From the entries below, write out exactly the lines between the line holding "1) Душовий акриловий" and the line holding "4237 - د: عُمَر", inclusive, excluding any pictures.

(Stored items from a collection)
* * *

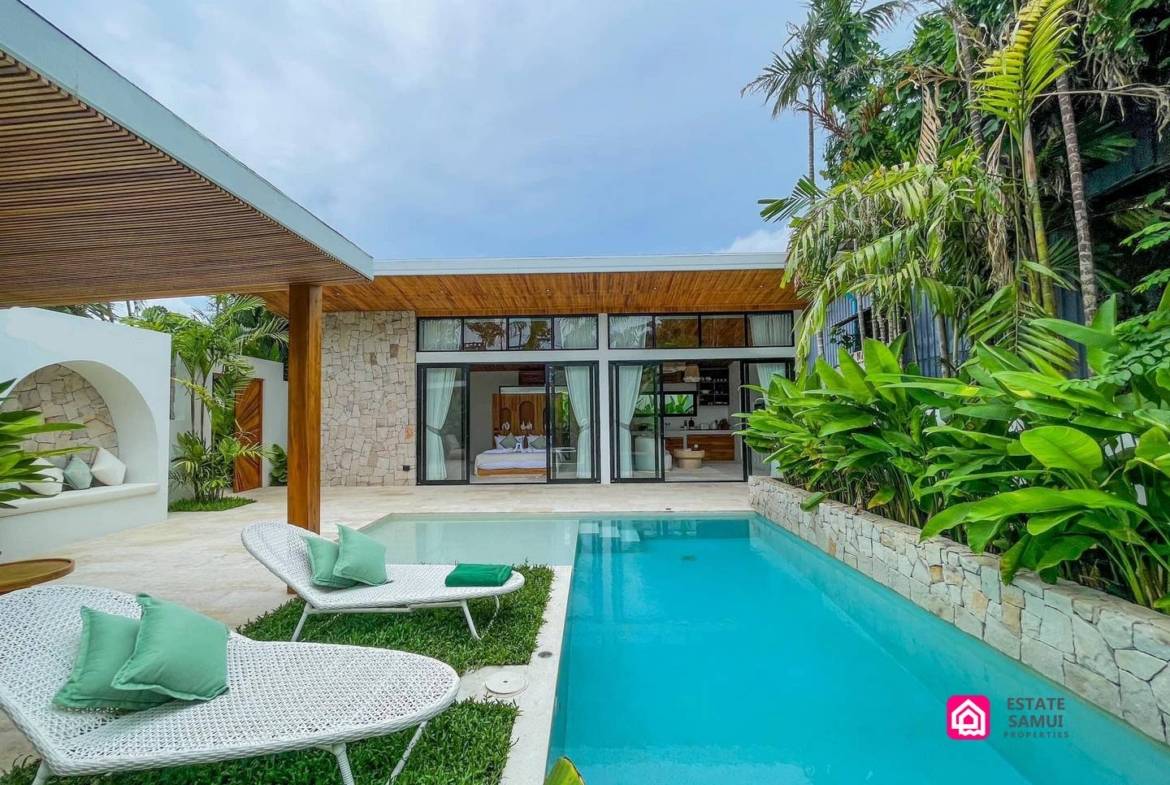 These Bophut pool villas blend modern design with the tranquil beauty of Koh Samui, making them perfect for those seeking an exceptional lifestyle in paradise.
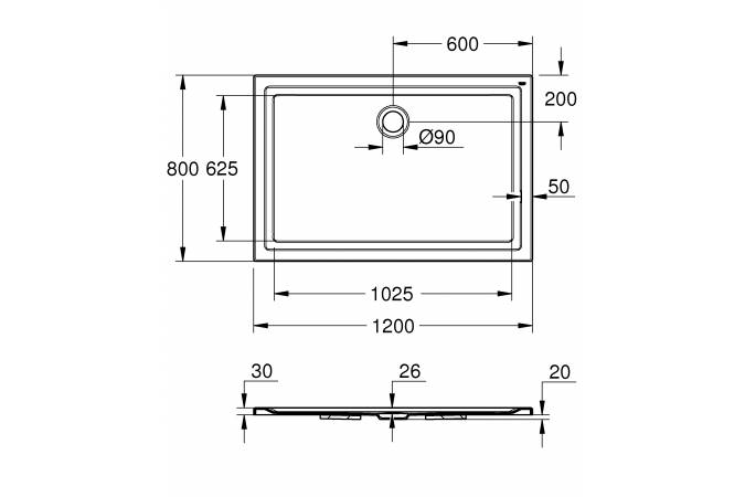 1) Душовий акриловий піддон Grohe 120x80 універсальний білий
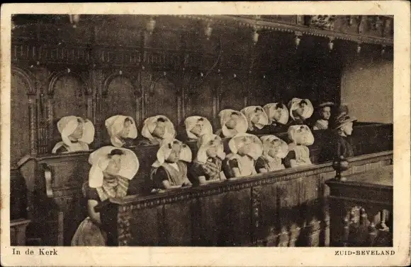 Ak Zuid-Beveland, Kirche, Inneres, Frauen in Tracht
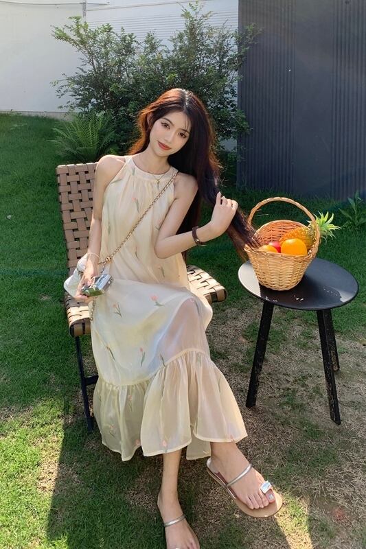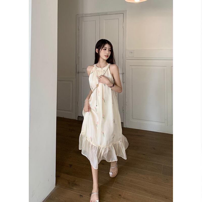 フランスのエレガントな吊りネックドレスの女性の夏の新しいレトロなルーズ花刺繍気質ロングスカートシック サマー 夏物 花柄 missk44090871401
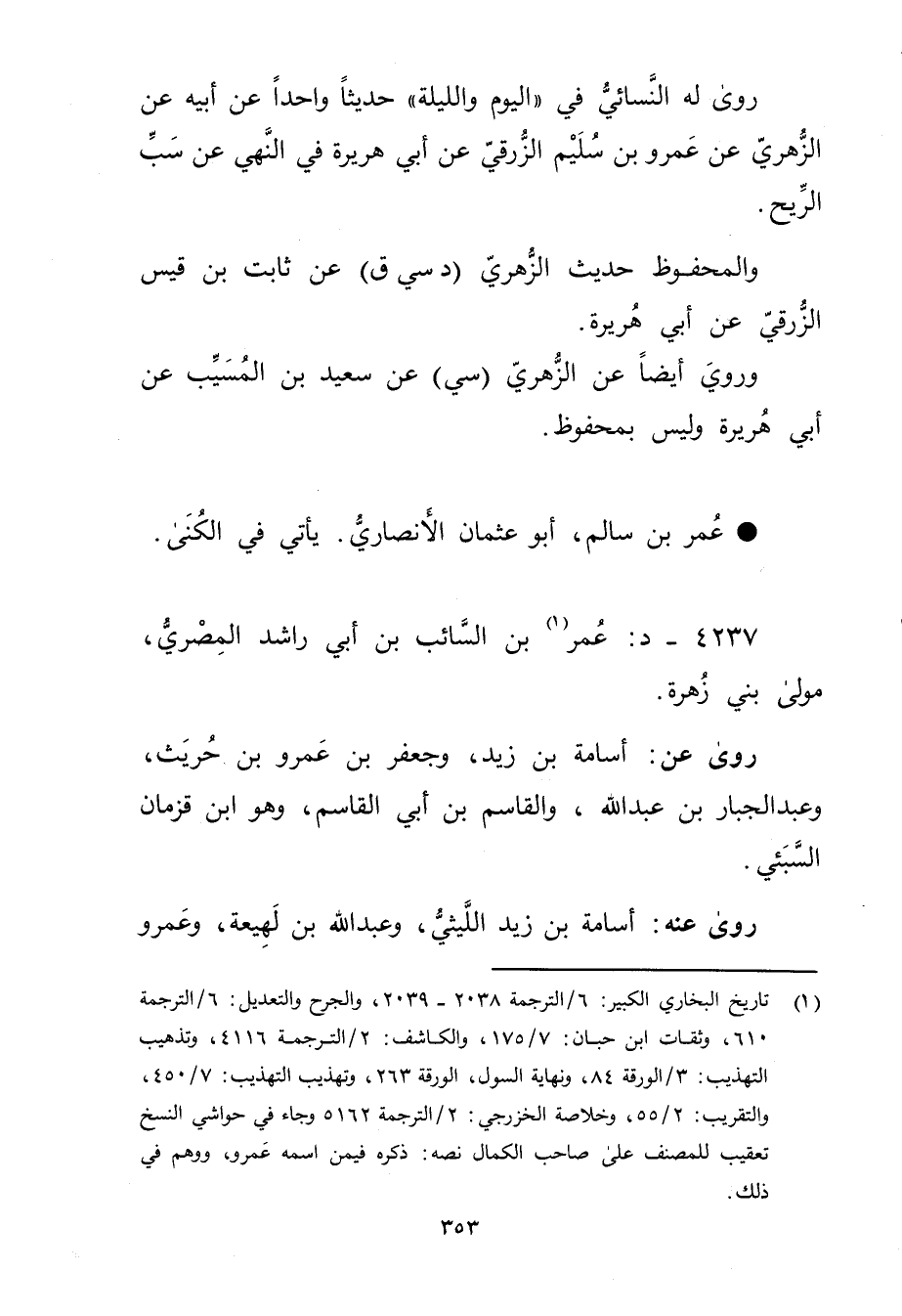 4237 - د: عُمَر بن السائب بن أَبي راشد المِصْرِي (1) ، مولى بني زهرة.
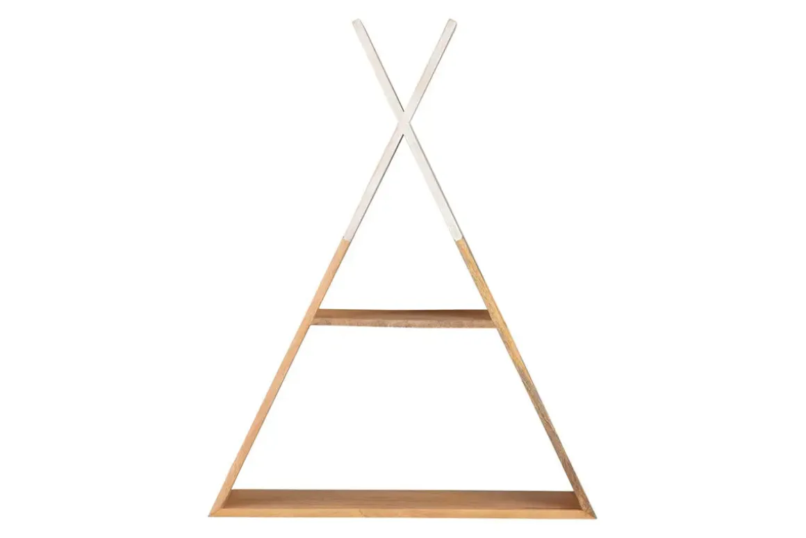 Turn your walls into space to store and display your favorite items on a Cadel Wall Shelf. The triangle shape has two shelves of differing lengths to fit your treasures. This shelf is so cool, it will look great as a feature piece on your wall, or get two to create a matching set. It’s a great place to put succulents, photos, or ornaments. Perfect for the kitchen, hallway, living room, or bedroom, you can show off your style with function while you refuse to grow up.Product Details:• Made from wood with a natural finish• Unique shape creates artistic impression• Sawtooth bracket for hanging includedDimensions:• 18”W x 6”D x 24”H</br
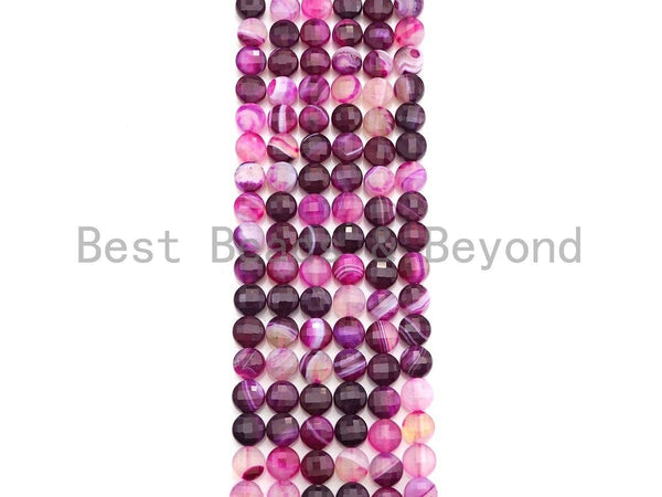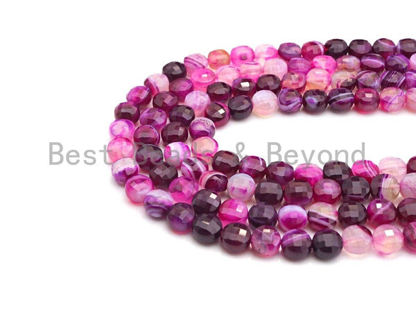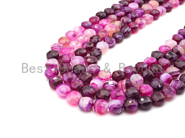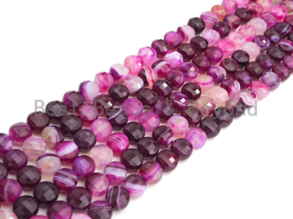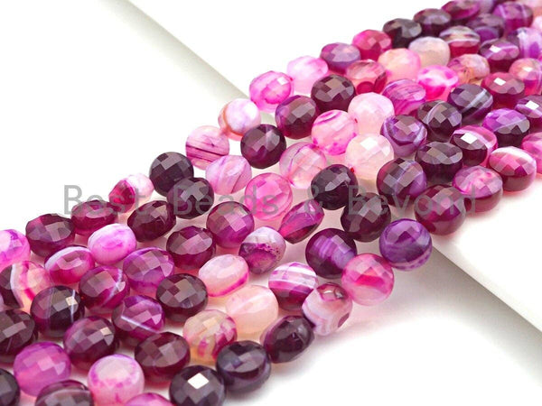 Double Sided Turtle Shell Cut Natural Purple Pink Agate Coin Shape beads, 6mm/8mm/10mm Checkerboard Cut Agate, 15.5" Full strand, Sku#UA84
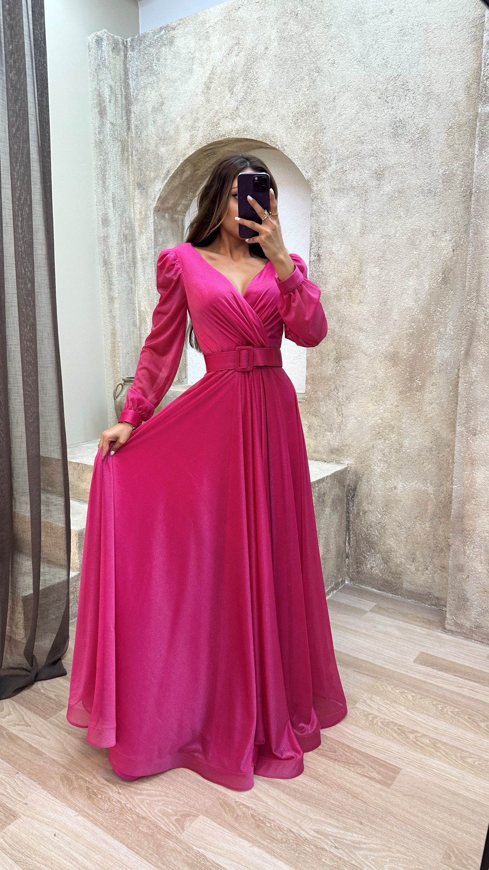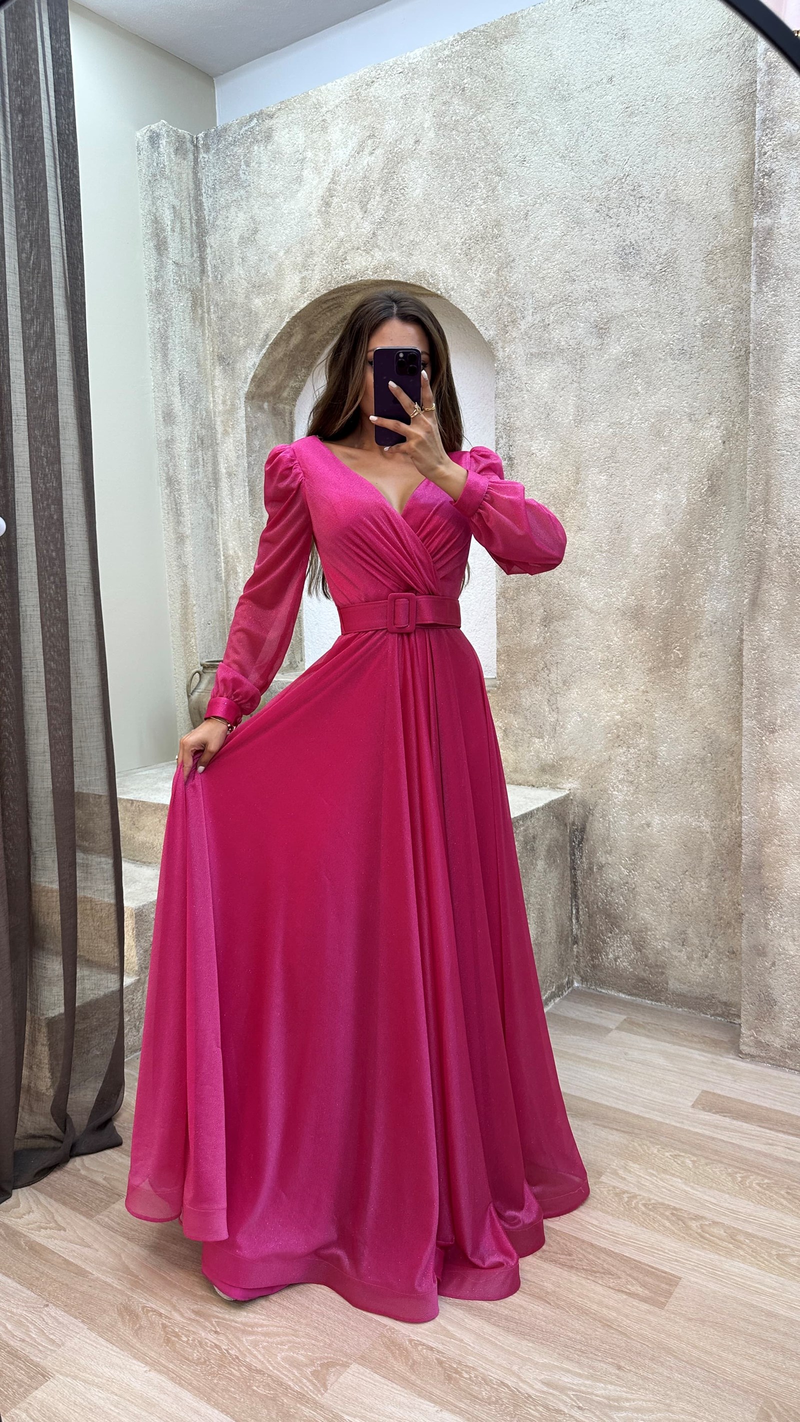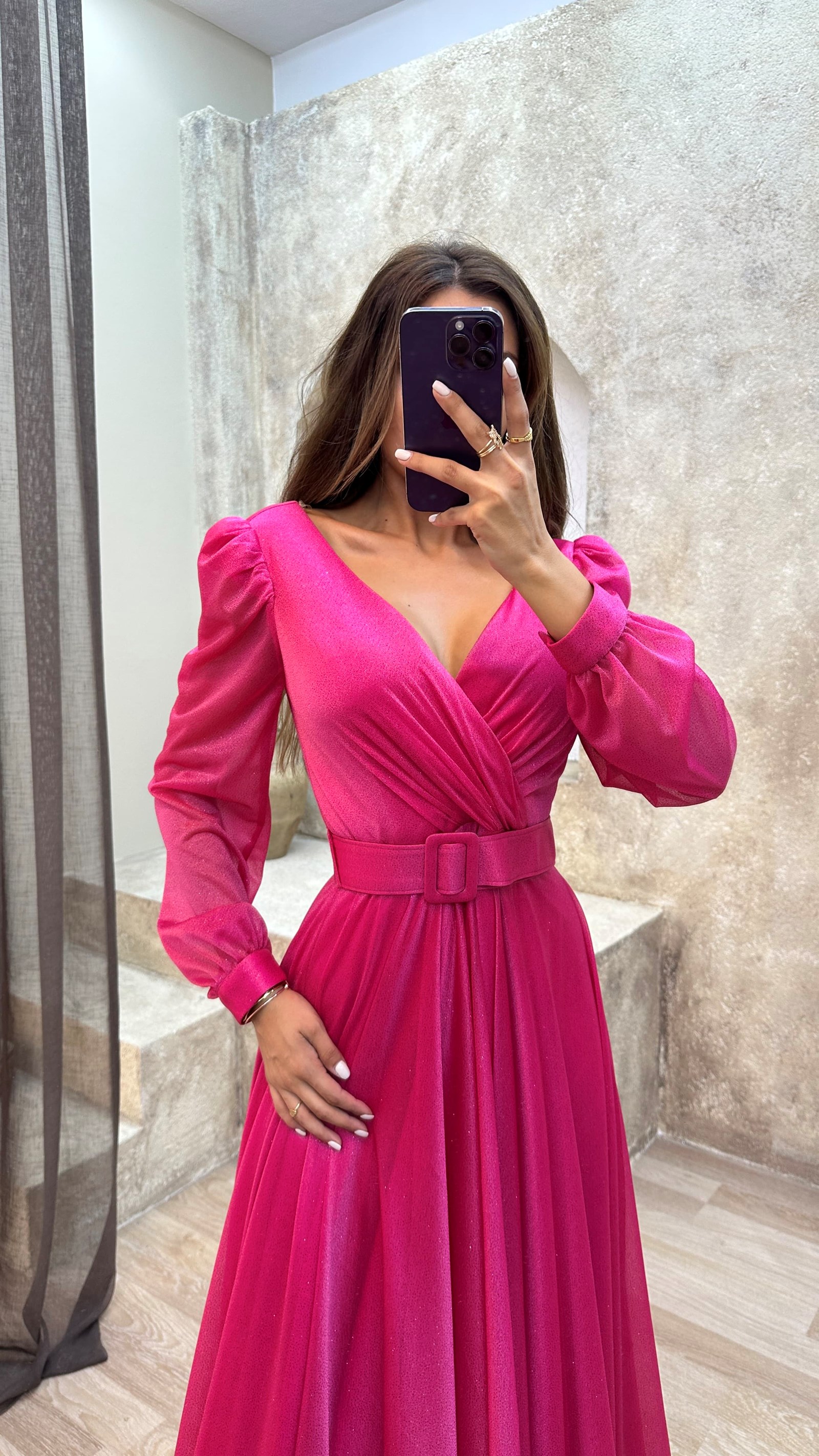 • Pembe Balon Kol V Yaka Abiye Elbise
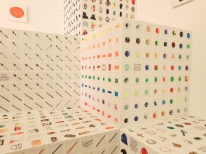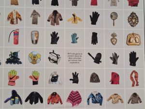 Attraverso tale rigida organizzazione dei suoi scatti, Barbara Iweins, con lapidarie considerazioni, ci pone di fronte a quelle ossessioni che, alla fin fine e con sfumature diverse, riguardano ognuno di noi. Costringendoci, allo stesso modo, a riflettere su come il consumismo incontrollato condizioni il nostro quotidiano nella sua totalità. Chi, infatti, non ha riposto in qualche cassetto, o nell’armadio, oggetti intonsi ancora sigillati nella loro confezione? Oggetti che ha usato una sola volta, oppure dimenticati di avere fin quando, inaspettatamente, ritrovati tra le mani? Nonostante lo spazio a disposizione per la mostra fosse veramente piccolo, una brillante soluzione ha ovviato a questo inconveniente logistico: le facciate di cubi, di diverse grandezze, che aumentano così la superficie utilizzabile, sono state ricoperte dalle piccole immagini di questi oggetti catalogati, suddivisi nelle diverse categorie predisposte dall’artista, accompagnate da brevissimi motti equivalenti ad asciutte e incontestabili sentenze, con percentuali che ancora di più offrono la misura dello stato delle cose.

* * *

*Result of the exercise:*
 1) Душовий акриловий піддон Grohe 120x80 універсальний білий
 Ak Zuid-Beveland, Kirche, Inneres, Frauen in Tracht
 フランスのエレガントな吊りネックドレスの女性の夏の新しいレトロなルーズ花刺繍気質ロングスカートシック サマー 夏物 花柄 missk44090871401
 4237 - د: عُمَر بن السائب بن أَبي راشد المِصْرِي (1) ، مولى بني زهرة.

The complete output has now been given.